Моё поколение - Илья Бражнин
Шрифт:
Интервал:
Закладка:
Классная дама повернулась и вышла. Петрушкевич скорчила ей в спину страшнейшую гримасу. Аня, забыв обо всем, стояла посреди класса. Вошел Димитрий Сергеевич. От него попахивало водкой. Аня села на свою парту.
— Итак, — сказал Димитрий Сергеевич, подходя к доске и беря в руки мел. — Мы имеем уравнение…
Казакова, испуганно округлив глаза, раскрыла под партой учебник алгебры. Зашуршали синие обложки тетрадей.
Аня раскрыла тетрадь и начала было списывать с доски заданное уравнение. На первой же строке, однако, иксы и стоящие перед ними коэффициенты как-то странно затуманились, и сквозь них проступило лицо бронзового ангела, которое Аня напрасно силилась разглядеть во сне, которое напрасно старалась представить себе целое утро… Теперь черты его вдруг стали определенны и явственны. Она наконец узнала его.
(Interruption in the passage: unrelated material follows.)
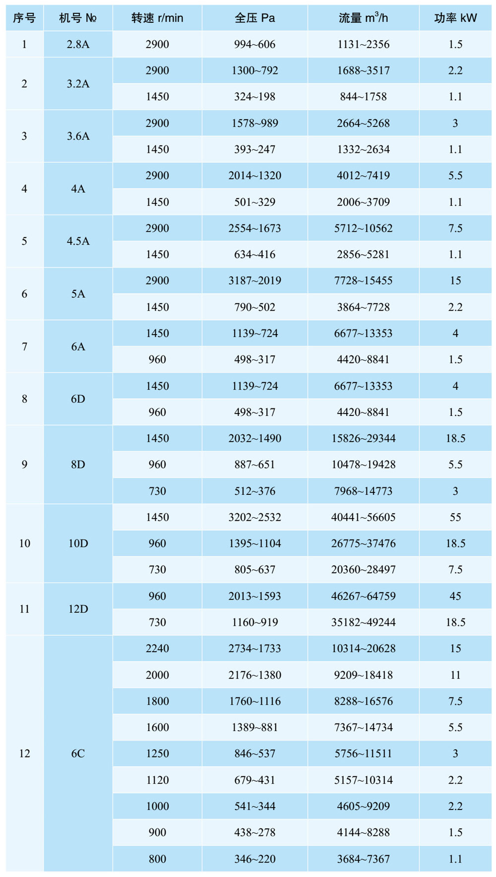 4-72系列风机主要由叶轮、机壳、进风口、电机等部分组成,№6C和№8--20除具上述结构外,还有传动部分,具有效率高、噪音低、性能曲线平稳特点。

И это уже было не бронзовое лицо небожителя, а живое, розовое от мороза и ветра лицо с темно-карими глазами. От него исходили приятный холодок и свежесть…
Приходя на урок, Илюша растирал озябшие руки и щеки. Так было и в тот вечер после классной работы по алгебре. Он стоял перед столом и растирал щеки. Потом увидел, что «Фиорды» всё ещё лежат на столе, и, кажется, там же, где он их оставил в прошлый свой приход.
— Ну, как? Прочли что-нибудь из сборника? — спросил он и взял книгу в руки.
— Нет ещё, — ответила Аня, садясь за стол, и поспешно прибавила: — Я начала уже…
— Начали и вам, верно, скучно показалось? — усмехнулся Илюша несколько снисходительно и поглядел на Аню сбоку. Она почувствовала на себе его взгляд и ещё ниже склонилась над столом.
Начался урок. А когда он кончился и Илюша ушел, Аня тотчас схватила книгу. Рядом лежала физика. Бойль и Мариотт ждали своей очереди — уроки на завтра ещё не были приготовлены. Они так и остались неприготовленными. Бойль и Мариотт нынче не дождались своей очереди. Ане было не до них. В руке ещё жила приятная боль от неловкого и крепкого рукопожатия. Этой рукой Аня перелистывала серые книжные страницы. Они казались иными, чем третьего дня. А слова были всё те же: «мельница работала… сын мельника уехал…» — скупые и неяркие, как северное ночное солнце. Аня знала это голубоватое солнце белых ночей… Она выходила ночью на берег и садилась у самой воды. Река была огромной и спокойной. Всё вокруг было огромным и спокойным. Мерцающий воздух белой ночи, камни, дома и дальний берег Двины стояли в бледной невидимой сетке, и в то же время всё виделось необыкновенно четко, как не виделось днем.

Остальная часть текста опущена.